Commenting, Craig Rickman, Personal Finance and Pensions Expert at interactive investor, says: “The news that inflation nudged back above the Bank of England’s 2% target in October wasn’t a huge surprise. The Bank has repeatedly stressed that price rises are expected to accelerate in the second half of 2024, largely due to rising energy bills. However, a 0.6 percentage point increase is sharp, and with both services and core inflation speeding up last month, too, the prospect of a December interest rate cut looks faint. In a blow to borrowers who are crying out for lower interest rates to ease mortgage repayments, the Bank may hit the pause button and keep rates steady at its final meeting of 2024.

“This development won’t be music to the new government’s ears, particularly after the Bank raised its inflation expectations for the next three years in response to Chancellor Rachel Reeves jacking up national insurance rates for businesses at the Autumn Budget.
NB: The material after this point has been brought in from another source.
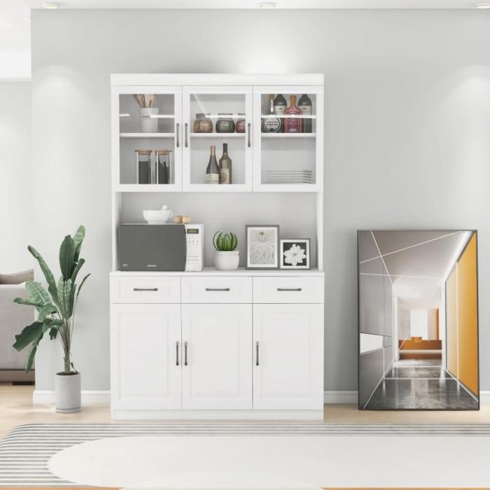 قم بتنظيم مساحتك بأسلوب أنيق مع منظم تخزين خشبي مع 3 أدراج وأبواب، مصنوع من هيكل خشبي متين، يوفر ترتيباً متناسقاً للأدوات والمستلزمات، مع درجين لحفظ الأغراض الصغيرة، مناسب للمطبخ وغرف المعيشة
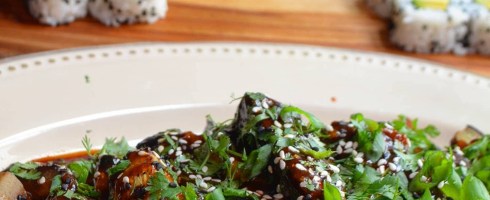The eggplant is simply cooked in a large cast iron skillet with some oil and water until its fully steamed and a bit charred. Then it’s topped with sauce and cilantro and sesame seeds and it’s ready for consumption. I like to serve this with rice or rice noodles, or simply by itself. Let me know if you give it a try!

“Inflation is in a much better place than the dizzying, double-digit heights that battered our finances a couple of years ago, but policymakers still need to keep a lid on it. When prices rise at a quicker pace, your savings and investments must work harder to grow in real terms. This is an important time to check how much you’re earning on your savings, and shop around for the best deals. The highest-paying accounts are still outpacing inflation, but the gap is narrowing. And this margin is likely to close further over the coming months with price rises set to continue speeding up.”

“When it comes to finding the right home for your money, if the financial goal you’re saving for is five years or more away, and you’re prepared to take some risk with your money, the stock market should offer a better option to grow your wealth and hedge against the threat posed by rising inflation.”